• **Instructions to follow**
Could the data below be retyped exactly, without its pictures?

• **Source data**
--- START ---

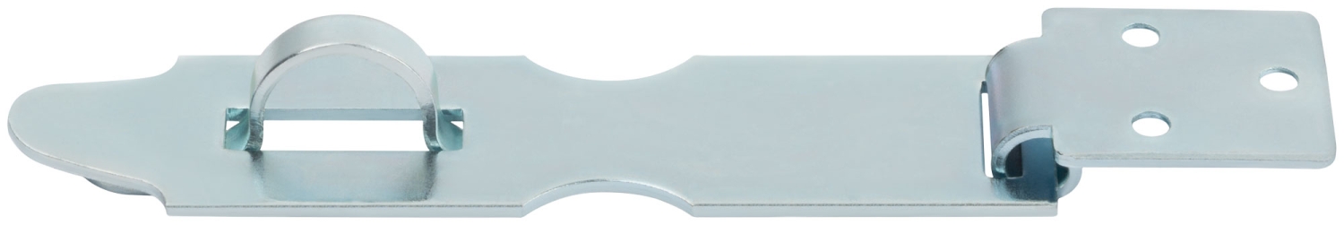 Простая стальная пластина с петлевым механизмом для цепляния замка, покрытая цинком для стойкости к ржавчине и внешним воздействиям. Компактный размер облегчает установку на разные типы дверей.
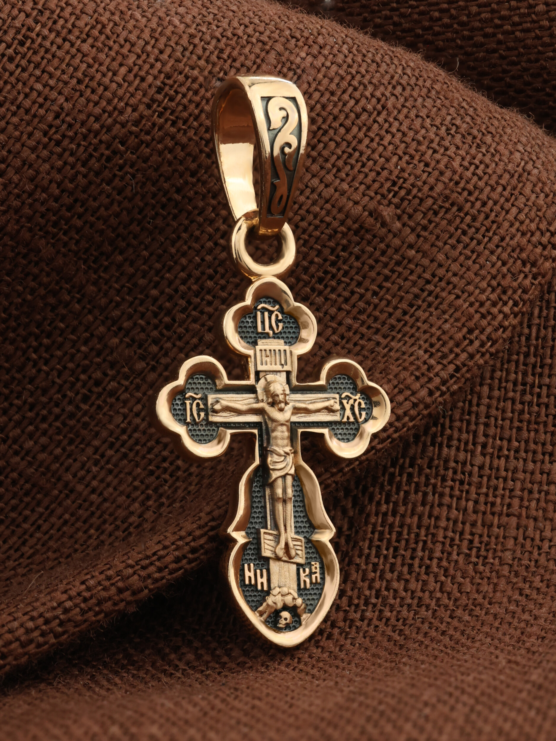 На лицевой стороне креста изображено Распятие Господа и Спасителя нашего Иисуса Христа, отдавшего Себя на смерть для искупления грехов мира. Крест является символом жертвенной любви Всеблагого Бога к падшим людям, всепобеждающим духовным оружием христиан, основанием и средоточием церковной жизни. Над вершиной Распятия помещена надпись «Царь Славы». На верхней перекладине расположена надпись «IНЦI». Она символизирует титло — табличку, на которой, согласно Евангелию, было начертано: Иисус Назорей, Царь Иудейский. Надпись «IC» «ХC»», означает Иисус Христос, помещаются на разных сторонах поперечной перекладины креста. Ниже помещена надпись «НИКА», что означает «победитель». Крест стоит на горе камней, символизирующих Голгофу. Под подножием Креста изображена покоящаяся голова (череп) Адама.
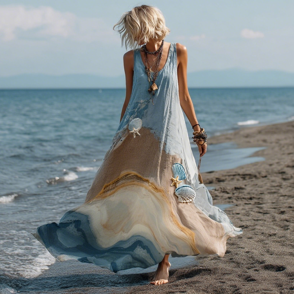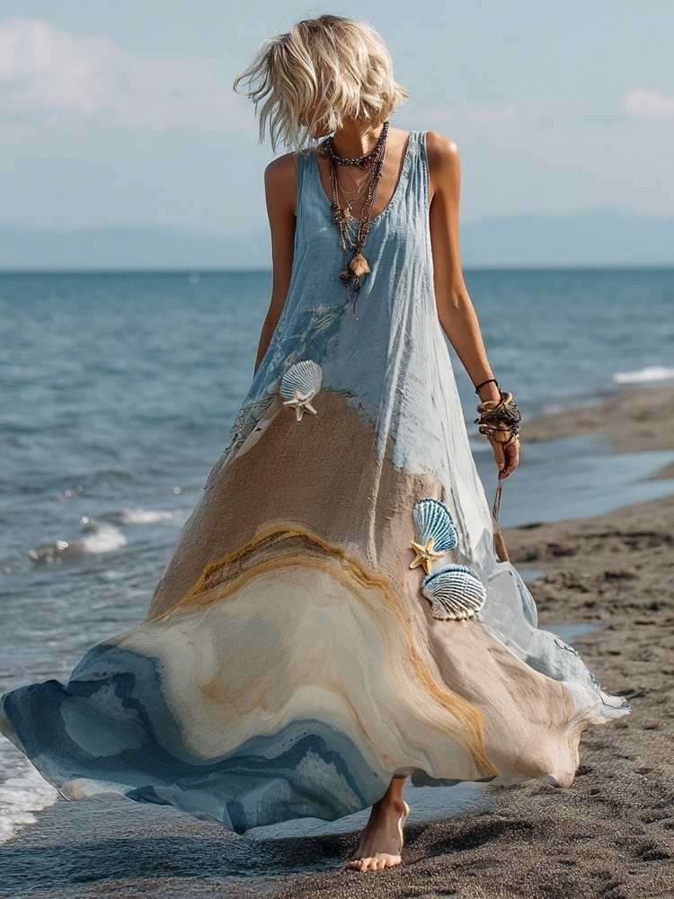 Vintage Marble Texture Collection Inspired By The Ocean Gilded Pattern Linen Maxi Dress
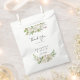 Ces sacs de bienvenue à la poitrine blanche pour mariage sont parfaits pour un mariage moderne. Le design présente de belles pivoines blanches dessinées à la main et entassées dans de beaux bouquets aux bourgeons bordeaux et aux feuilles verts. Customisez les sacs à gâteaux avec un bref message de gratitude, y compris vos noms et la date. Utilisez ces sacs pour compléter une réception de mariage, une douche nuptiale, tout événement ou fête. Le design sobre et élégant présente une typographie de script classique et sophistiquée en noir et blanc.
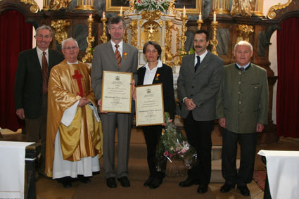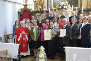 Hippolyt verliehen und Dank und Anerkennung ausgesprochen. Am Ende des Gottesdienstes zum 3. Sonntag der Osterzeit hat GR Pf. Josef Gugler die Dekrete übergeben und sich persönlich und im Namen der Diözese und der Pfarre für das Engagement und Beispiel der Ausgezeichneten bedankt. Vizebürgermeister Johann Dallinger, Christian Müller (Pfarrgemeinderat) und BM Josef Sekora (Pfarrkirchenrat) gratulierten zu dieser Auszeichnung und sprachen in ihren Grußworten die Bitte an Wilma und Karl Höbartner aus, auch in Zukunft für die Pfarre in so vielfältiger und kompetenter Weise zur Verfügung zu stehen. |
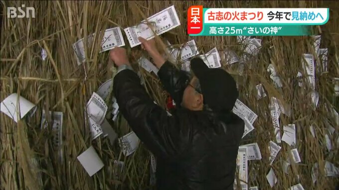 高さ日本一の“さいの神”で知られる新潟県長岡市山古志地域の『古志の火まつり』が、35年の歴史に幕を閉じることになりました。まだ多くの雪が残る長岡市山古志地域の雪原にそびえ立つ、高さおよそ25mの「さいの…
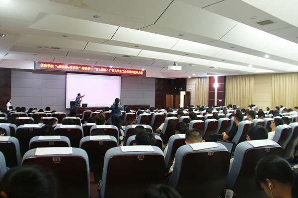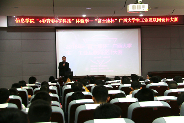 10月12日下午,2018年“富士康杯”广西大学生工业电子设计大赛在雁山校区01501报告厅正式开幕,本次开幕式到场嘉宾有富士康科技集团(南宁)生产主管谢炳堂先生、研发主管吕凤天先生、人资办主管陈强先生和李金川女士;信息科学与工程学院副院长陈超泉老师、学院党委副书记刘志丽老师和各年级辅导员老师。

--- END ---

• **Solution below**
 Простая стальная пластина с петлевым механизмом для цепляния замка, покрытая цинком для стойкости к ржавчине и внешним воздействиям. Компактный размер облегчает установку на разные типы дверей.
 На лицевой стороне креста изображено Распятие Господа и Спасителя нашего Иисуса Христа, отдавшего Себя на смерть для искупления грехов мира. Крест является символом жертвенной любви Всеблагого Бога к падшим людям, всепобеждающим духовным оружием христиан, основанием и средоточием церковной жизни. Над вершиной Распятия помещена надпись «Царь Славы». На верхней перекладине расположена надпись «IНЦI». Она символизирует титло — табличку, на которой, согласно Евангелию, было начертано: Иисус Назорей, Царь Иудейский. Надпись «IC» «ХC»», означает Иисус Христос, помещаются на разных сторонах поперечной перекладины креста. Ниже помещена надпись «НИКА», что означает «победитель». Крест стоит на горе камней, символизирующих Голгофу. Под подножием Креста изображена покоящаяся голова (череп) Адама.
 Vintage Marble Texture Collection Inspired By The Ocean Gilded Pattern Linen Maxi Dress
 Ces sacs de bienvenue à la poitrine blanche pour mariage sont parfaits pour un mariage moderne. Le design présente de belles pivoines blanches dessinées à la main et entassées dans de beaux bouquets aux bourgeons bordeaux et aux feuilles verts. Customisez les sacs à gâteaux avec un bref message de gratitude, y compris vos noms et la date. Utilisez ces sacs pour compléter une réception de mariage, une douche nuptiale, tout événement ou fête. Le design sobre et élégant présente une typographie de script classique et sophistiquée en noir et blanc.
 Hippolyt verliehen und Dank und Anerkennung ausgesprochen. Am Ende des Gottesdienstes zum 3. Sonntag der Osterzeit hat GR Pf. Josef Gugler die Dekrete übergeben und sich persönlich und im Namen der Diözese und der Pfarre für das Engagement und Beispiel der Ausgezeichneten bedankt. Vizebürgermeister Johann Dallinger, Christian Müller (Pfarrgemeinderat) und BM Josef Sekora (Pfarrkirchenrat) gratulierten zu dieser Auszeichnung und sprachen in ihren Grußworten die Bitte an Wilma und Karl Höbartner aus, auch in Zukunft für die Pfarre in so vielfältiger und kompetenter Weise zur Verfügung zu stehen. |
 高さ日本一の“さいの神”で知られる新潟県長岡市山古志地域の『古志の火まつり』が、35年の歴史に幕を閉じることになりました。まだ多くの雪が残る長岡市山古志地域の雪原にそびえ立つ、高さおよそ25mの「さいの…
 10月12日下午,2018年“富士康杯”广西大学生工业电子设计大赛在雁山校区01501报告厅正式开幕,本次开幕式到场嘉宾有富士康科技集团(南宁)生产主管谢炳堂先生、研发主管吕凤天先生、人资办主管陈强先生和李金川女士;信息科学与工程学院副院长陈超泉老师、学院党委副书记刘志丽老师和各年级辅导员老师。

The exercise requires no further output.